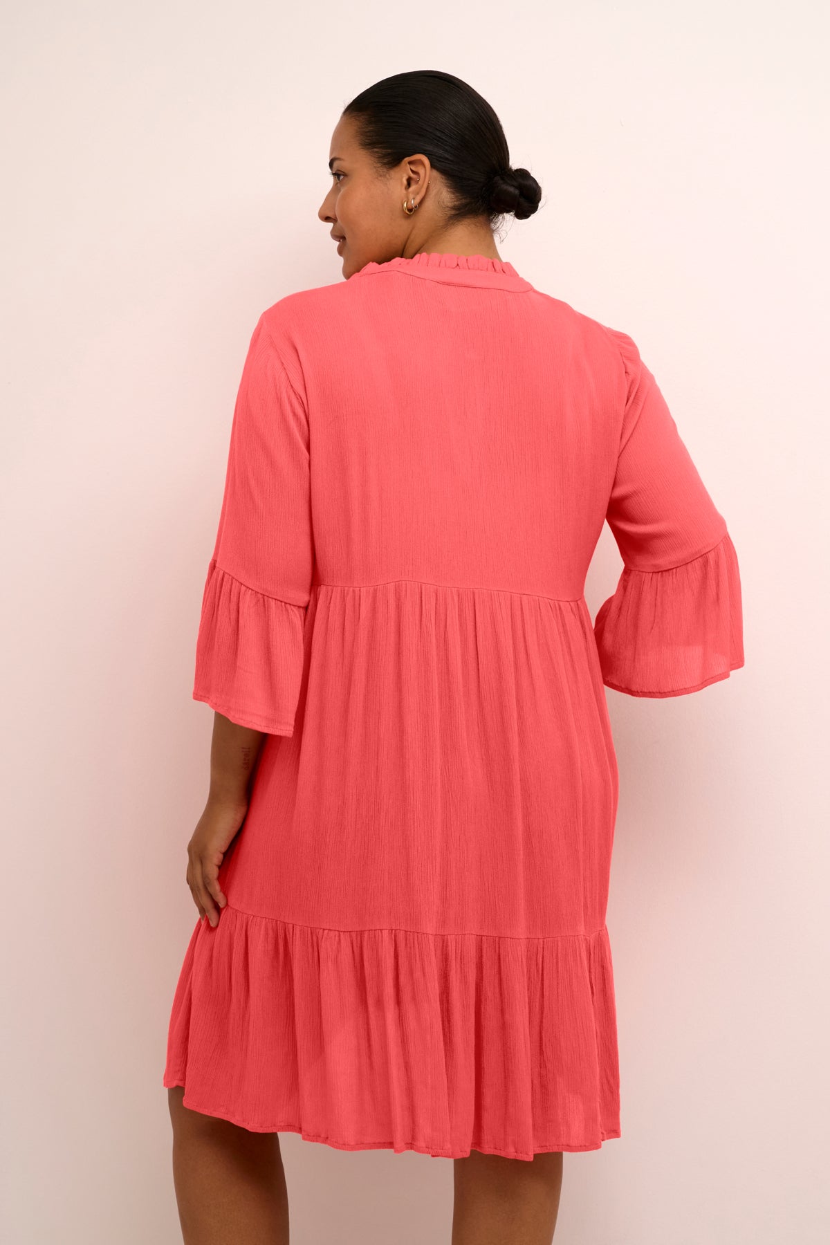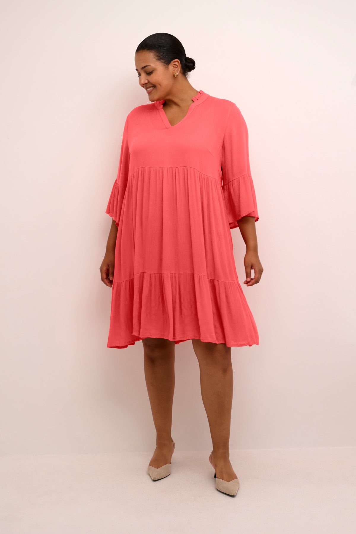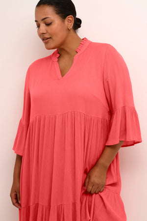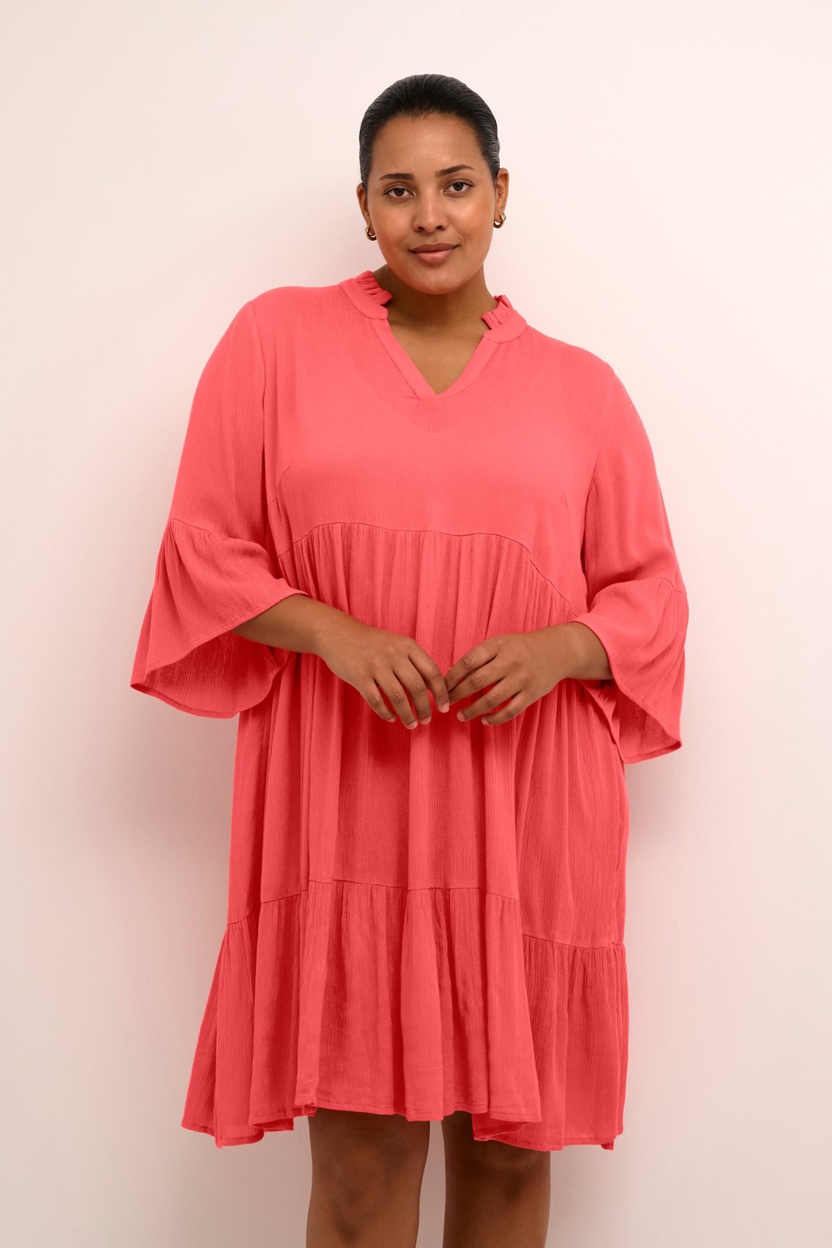 Fallega Coral bleikur kjóll úr Ami línunni frá Kaffe Curve.
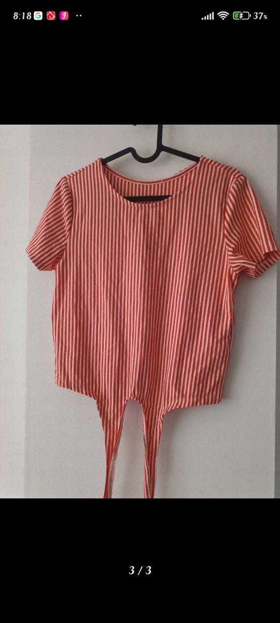 Kırmızı çizgili, kısa kollu ve yuvarlak yaka kadın tişörtü. Bol kesim, pilili detaylar ve midi boyda, sentetik kumaştan üretilmiştir. Günlük sokak stili için uygundur.
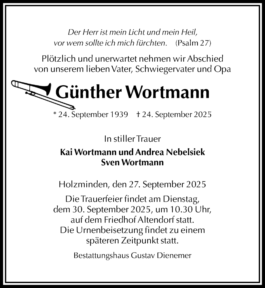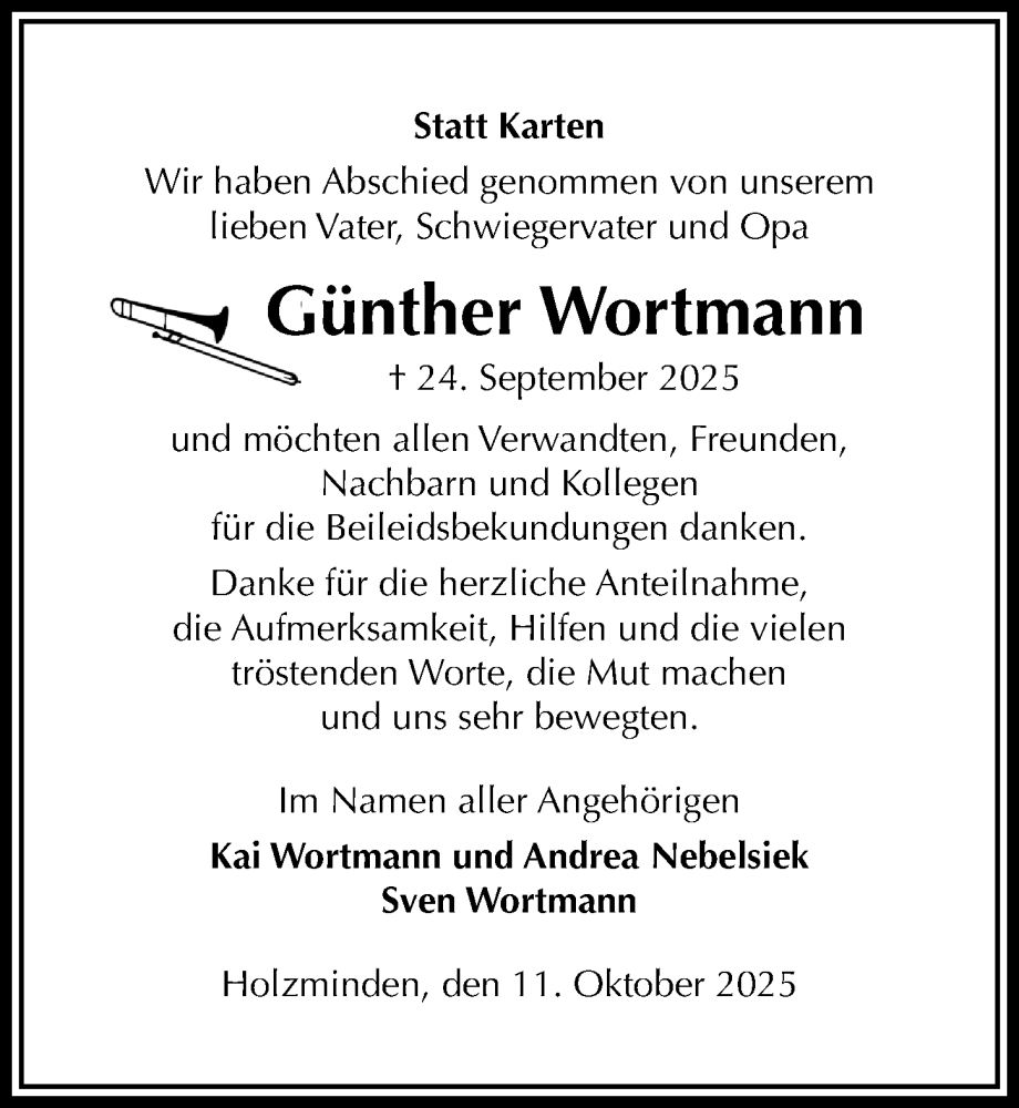 Hier finden Sie alle Traueranzeigen aus der Zeitung, die bisher für Günther Wortmann erschienen sind. Weitere Traueranzeigen, die in der Zeitung erscheinen, werden hier ebenfalls aufgelistet
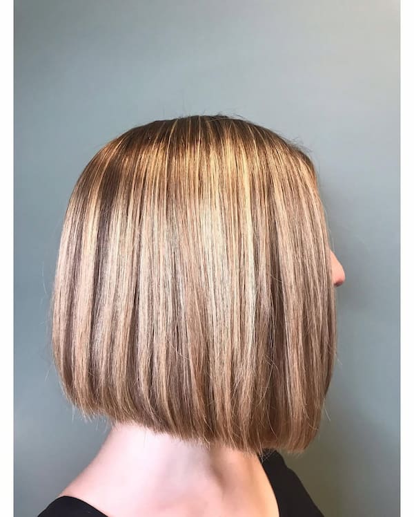 I am personally obsessing over how the blend of balayage highlights enhances the beauty of the angles in this bob.
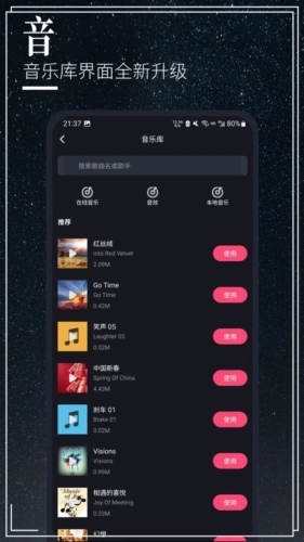 [素材中心]:丰富多样的贴纸、字幕字体与样式、视频海报,以及各类背景音乐可供使用。
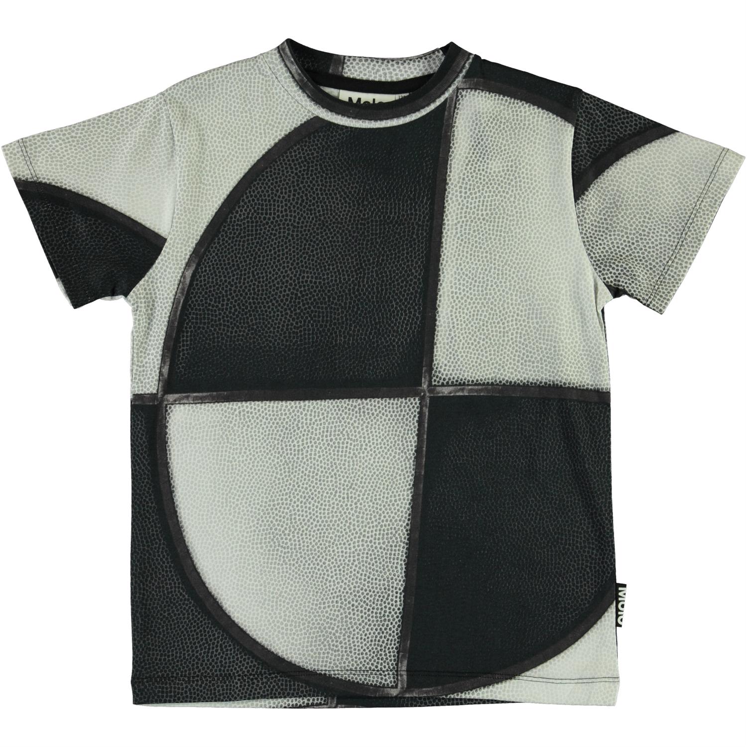 Road er en sort og hvid t-shirt med print af basketboldens strukturer.
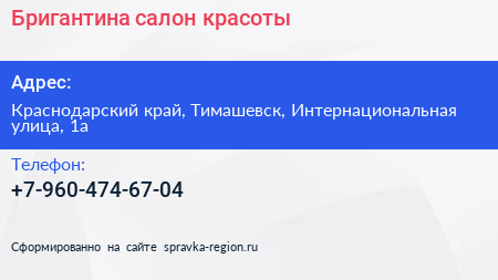 Бригантина, салон красоты по адресу Краснодарский край, Тимашевск, Интернациональная улица, 1а в дальнейшем Организация, размещена в следующих категориях:
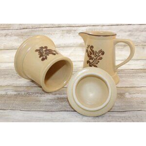 Pfaltzgraff Village Creamer 6-24 and Sugar 6-22 Set, Beige With Brown Designs.
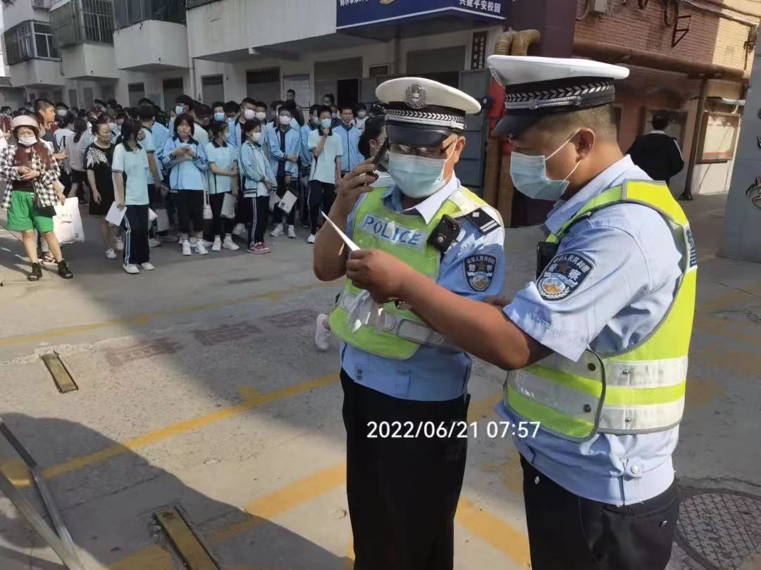 今天是中考第一天,衡水考场内的学子们忙着答题,场外的交警们则忙着护考。
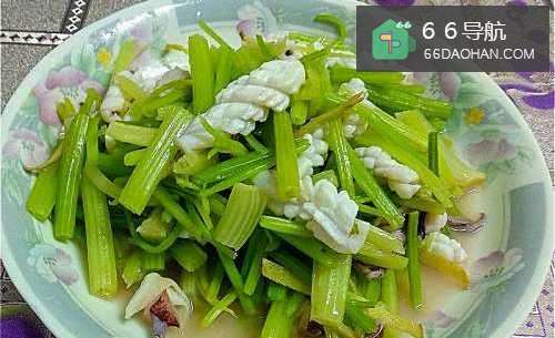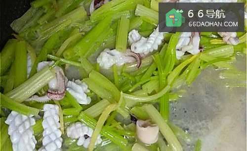 4下芹菜,略微翻炒后,加一杯水稍微焖煮三分钟。
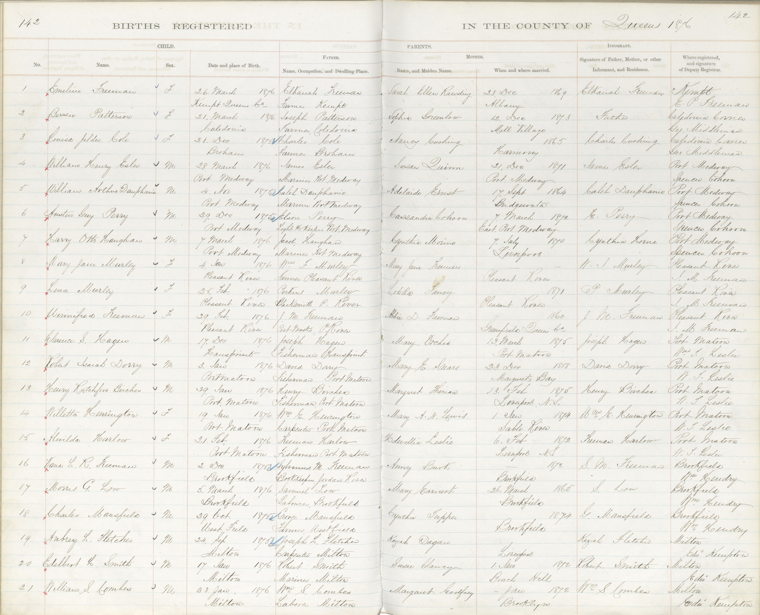 Birth Registration: Year: 1876 book: 1819 page: 142 number: 1

> _WHAT THE TASK REQUIRES_: Above are the records; reproduce them exactly and leave out the pictures.

> _RESULT OF THIS TASK_:
 Fallega Coral bleikur kjóll úr Ami línunni frá Kaffe Curve.
 Kırmızı çizgili, kısa kollu ve yuvarlak yaka kadın tişörtü. Bol kesim, pilili detaylar ve midi boyda, sentetik kumaştan üretilmiştir. Günlük sokak stili için uygundur.
 Hier finden Sie alle Traueranzeigen aus der Zeitung, die bisher für Günther Wortmann erschienen sind. Weitere Traueranzeigen, die in der Zeitung erscheinen, werden hier ebenfalls aufgelistet
 I am personally obsessing over how the blend of balayage highlights enhances the beauty of the angles in this bob.
 [素材中心]:丰富多样的贴纸、字幕字体与样式、视频海报,以及各类背景音乐可供使用。
 Road er en sort og hvid t-shirt med print af basketboldens strukturer.
 Бригантина, салон красоты по адресу Краснодарский край, Тимашевск, Интернациональная улица, 1а в дальнейшем Организация, размещена в следующих категориях:
 Pfaltzgraff Village Creamer 6-24 and Sugar 6-22 Set, Beige With Brown Designs.
 今天是中考第一天,衡水考场内的学子们忙着答题,场外的交警们则忙着护考。
 4下芹菜,略微翻炒后,加一杯水稍微焖煮三分钟。
 Birth Registration: Year: 1876 book: 1819 page: 142 number: 1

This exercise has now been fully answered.